Items listed in a dataset
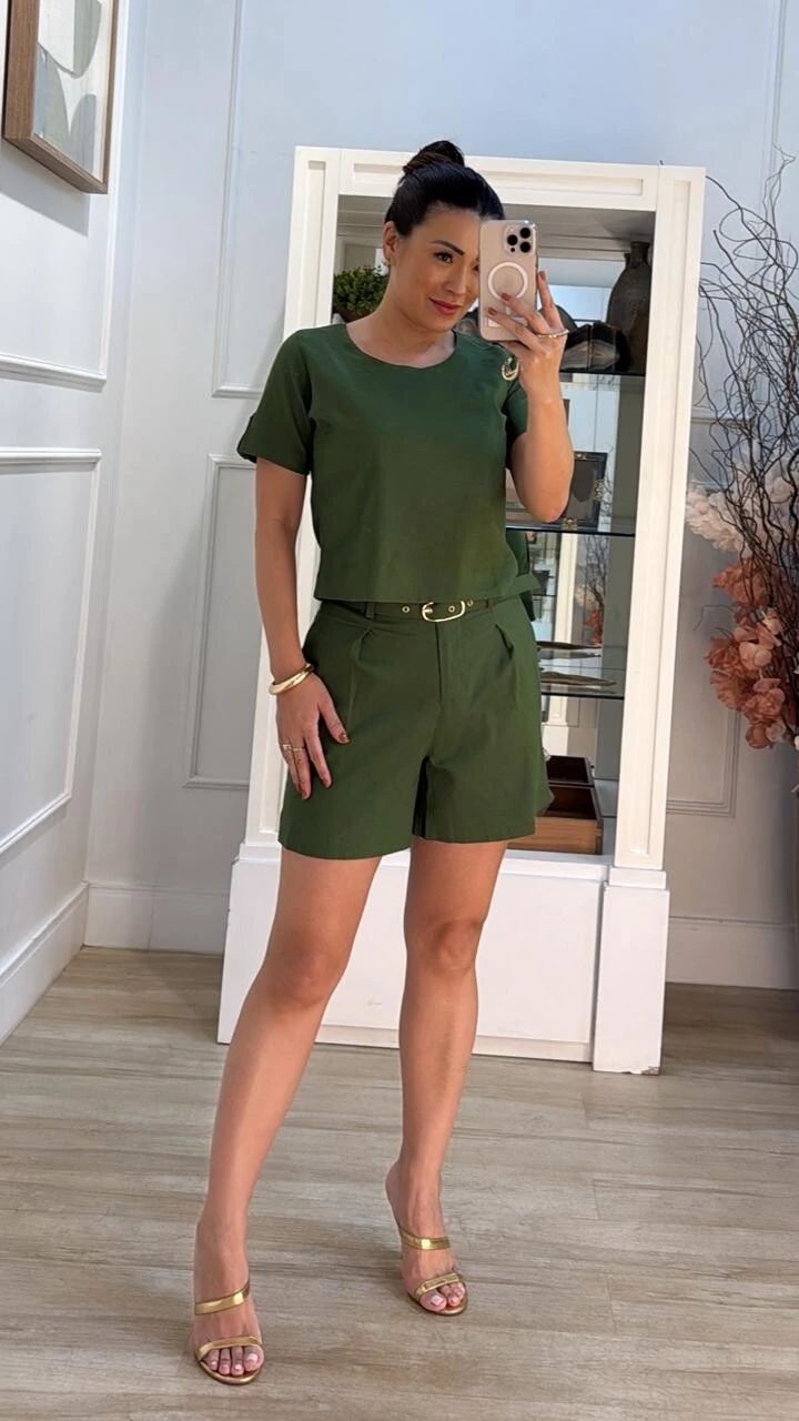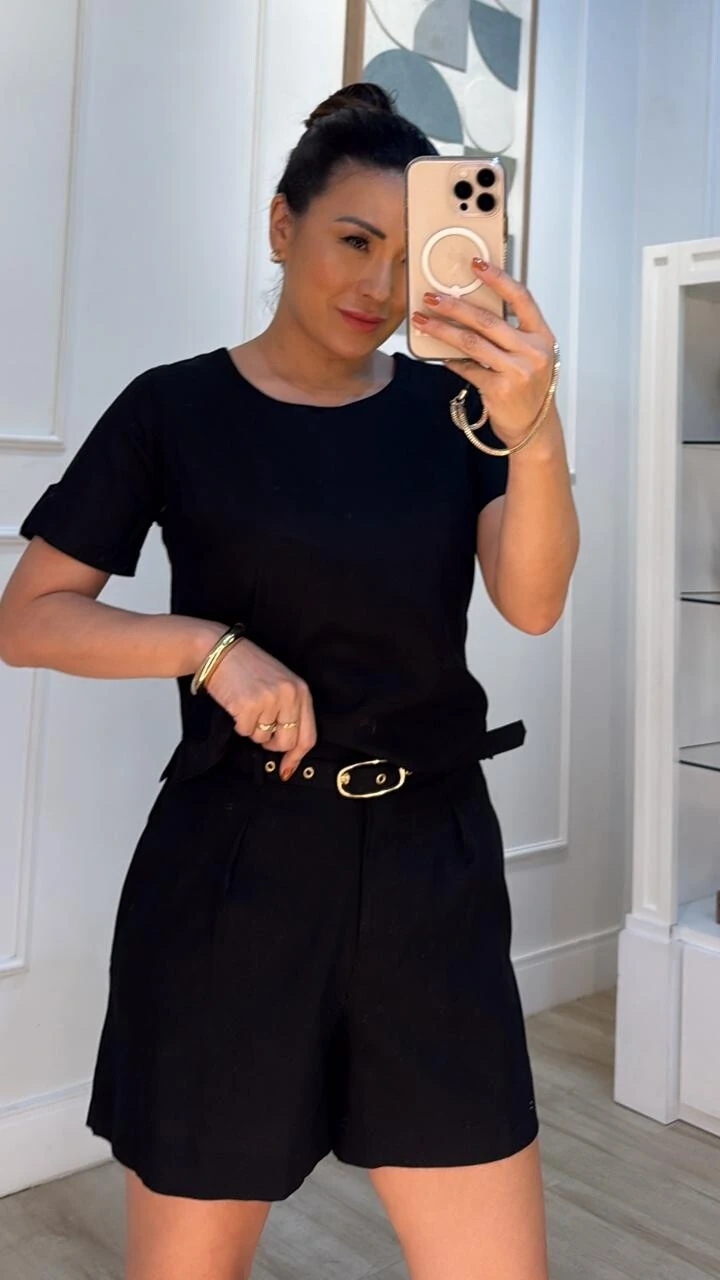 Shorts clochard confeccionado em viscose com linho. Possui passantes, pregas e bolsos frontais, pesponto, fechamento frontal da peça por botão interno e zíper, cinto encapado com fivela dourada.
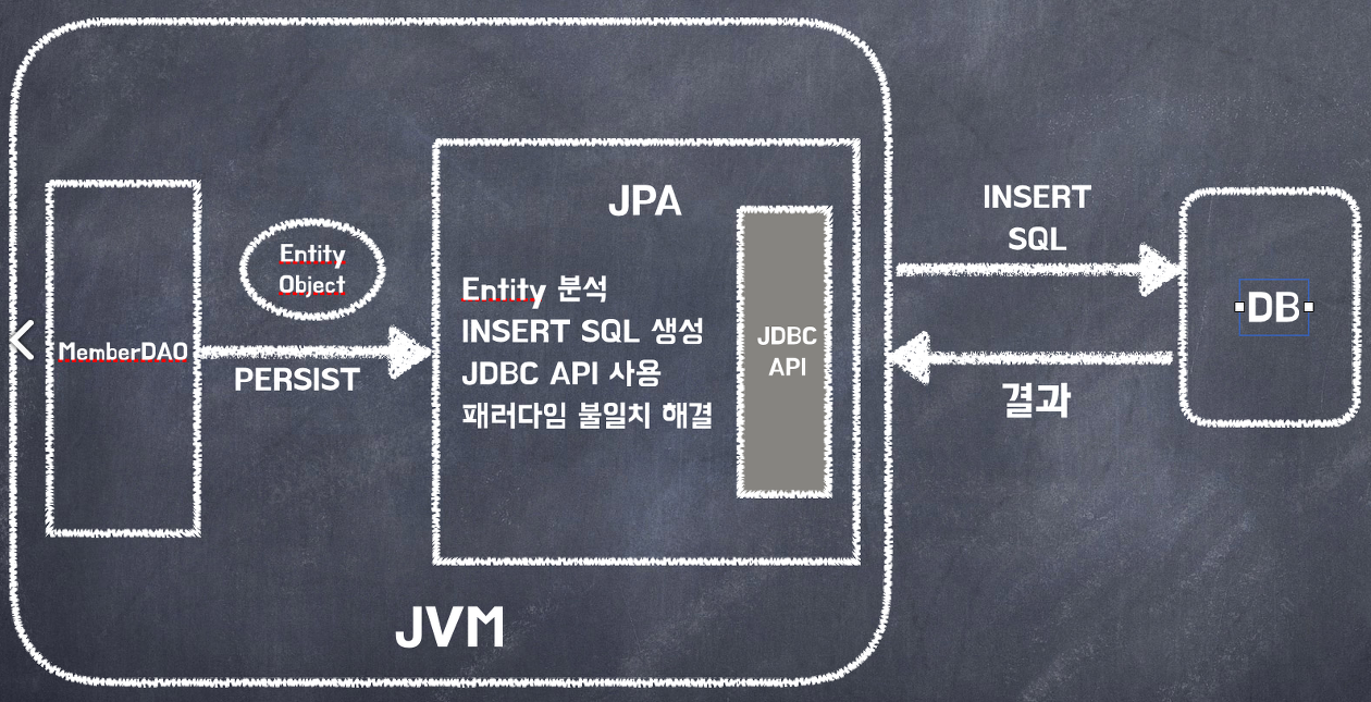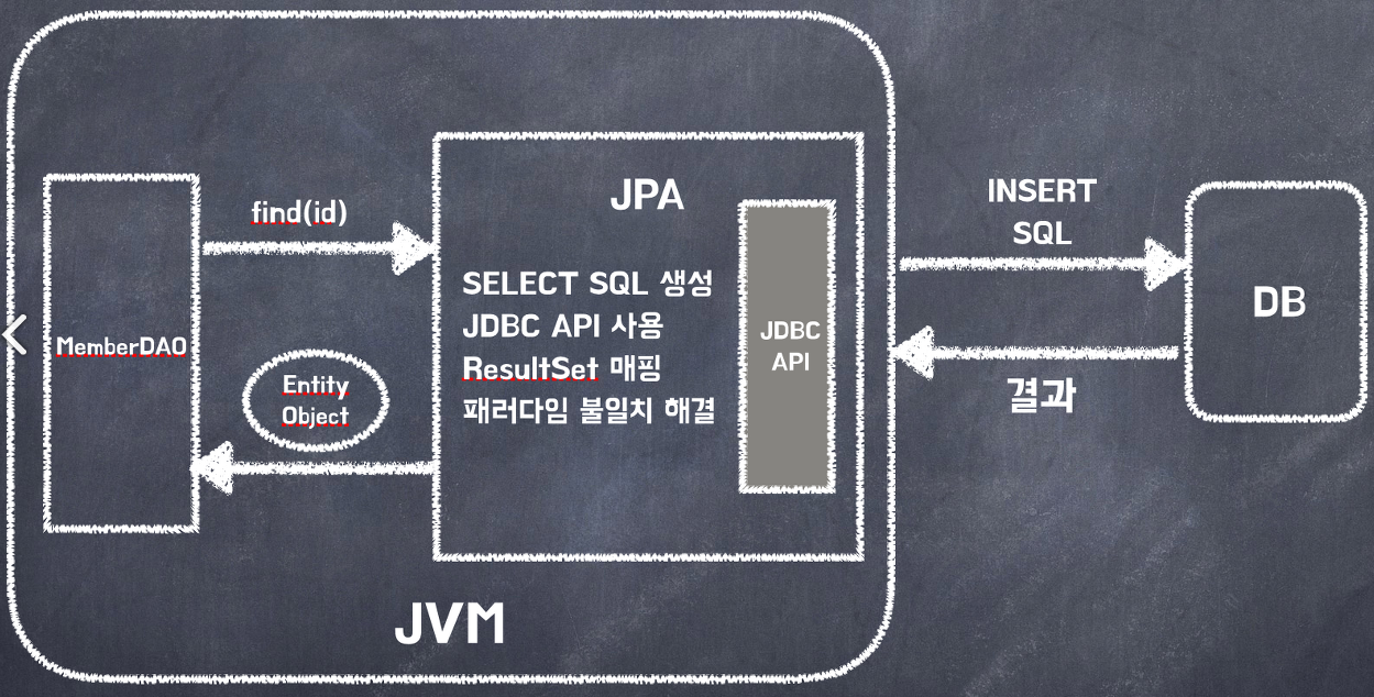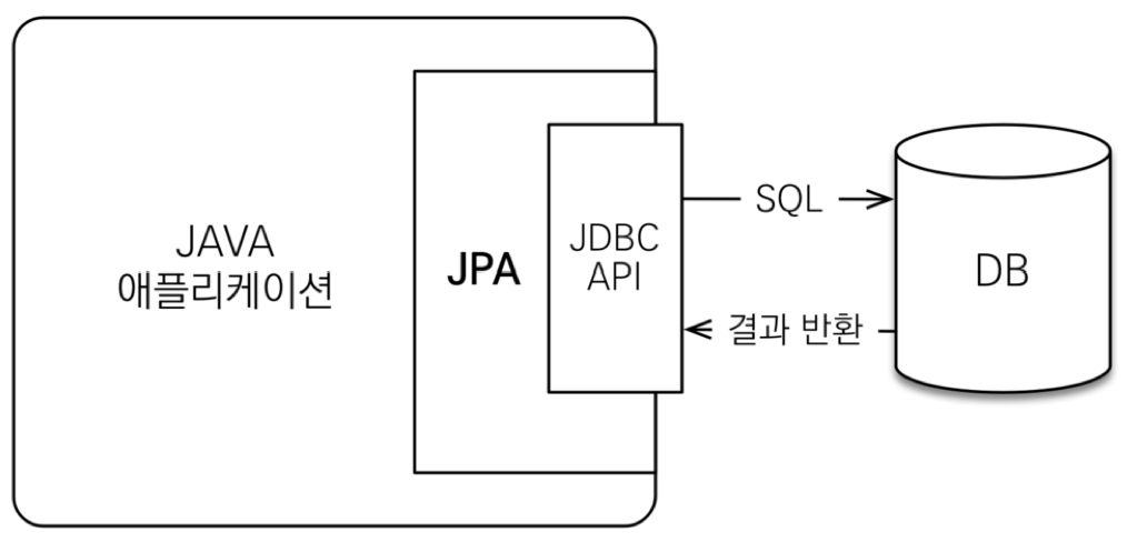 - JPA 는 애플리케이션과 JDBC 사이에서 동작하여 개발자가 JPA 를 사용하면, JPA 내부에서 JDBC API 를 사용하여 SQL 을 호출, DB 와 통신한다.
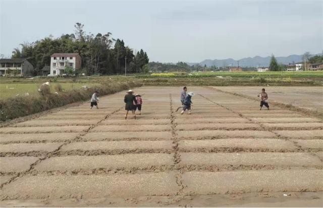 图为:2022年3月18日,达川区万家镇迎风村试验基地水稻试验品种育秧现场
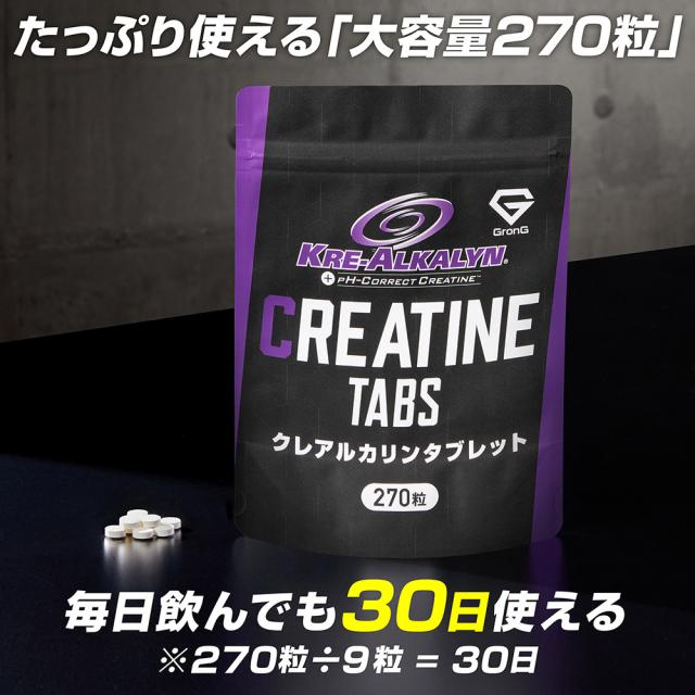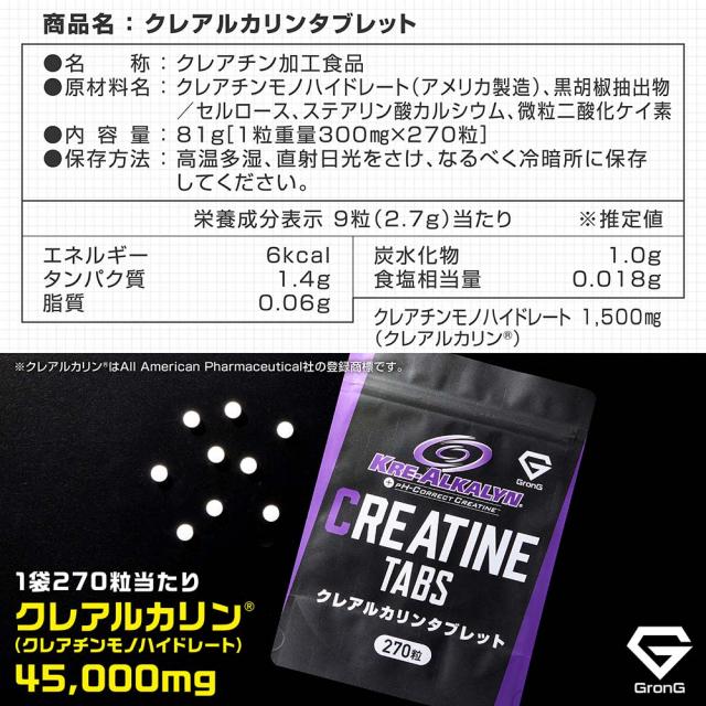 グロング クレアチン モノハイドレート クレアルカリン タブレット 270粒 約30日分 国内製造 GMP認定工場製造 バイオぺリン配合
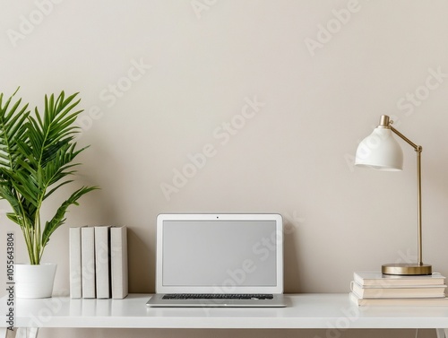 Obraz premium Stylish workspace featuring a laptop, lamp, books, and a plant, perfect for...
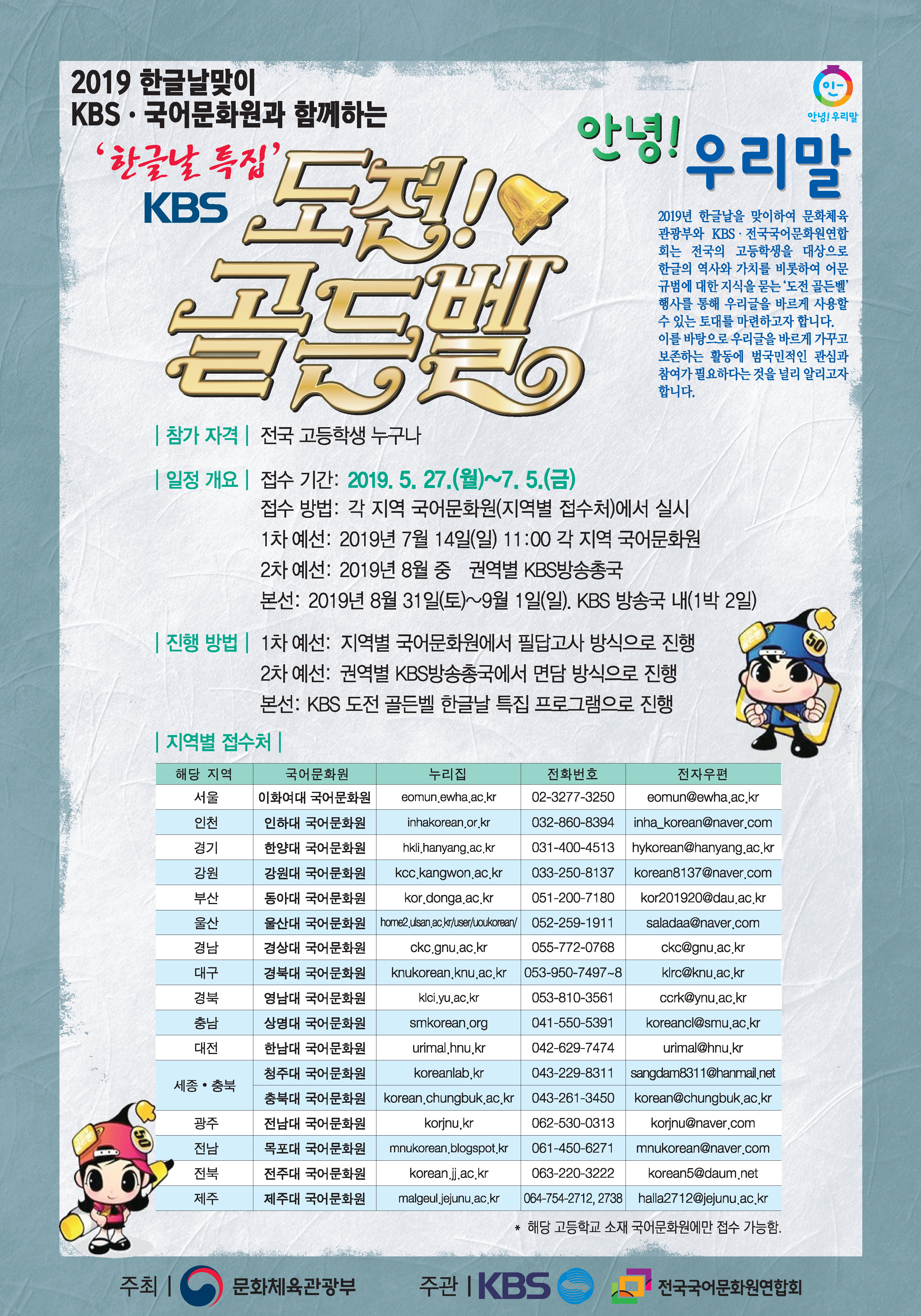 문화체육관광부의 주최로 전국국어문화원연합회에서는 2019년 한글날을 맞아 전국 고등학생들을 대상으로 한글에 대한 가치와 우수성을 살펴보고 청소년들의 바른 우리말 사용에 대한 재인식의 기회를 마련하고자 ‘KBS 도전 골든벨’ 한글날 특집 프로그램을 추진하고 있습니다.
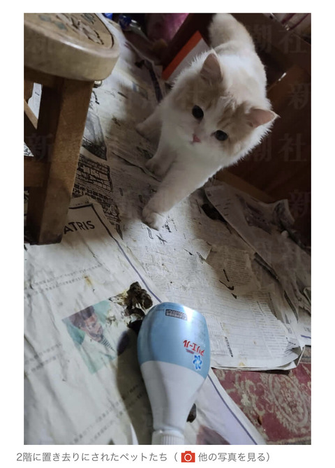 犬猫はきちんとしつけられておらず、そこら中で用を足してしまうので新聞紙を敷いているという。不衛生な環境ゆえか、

# Exercise
Set out every record exactly, images excluded.

# Solution below
 Shorts clochard confeccionado em viscose com linho. Possui passantes, pregas e bolsos frontais, pesponto, fechamento frontal da peça por botão interno e zíper, cinto encapado com fivela dourada.
 - JPA 는 애플리케이션과 JDBC 사이에서 동작하여 개발자가 JPA 를 사용하면, JPA 내부에서 JDBC API 를 사용하여 SQL 을 호출, DB 와 통신한다.
 图为:2022年3月18日,达川区万家镇迎风村试验基地水稻试验品种育秧现场
 グロング クレアチン モノハイドレート クレアルカリン タブレット 270粒 約30日分 国内製造 GMP認定工場製造 バイオぺリン配合
 Obraz premium Stylish workspace featuring a laptop, lamp, books, and a plant, perfect for...
 문화체육관광부의 주최로 전국국어문화원연합회에서는 2019년 한글날을 맞아 전국 고등학생들을 대상으로 한글에 대한 가치와 우수성을 살펴보고 청소년들의 바른 우리말 사용에 대한 재인식의 기회를 마련하고자 ‘KBS 도전 골든벨’ 한글날 특집 프로그램을 추진하고 있습니다.
 犬猫はきちんとしつけられておらず、そこら中で用を足してしまうので新聞紙を敷いているという。不衛生な環境ゆえか、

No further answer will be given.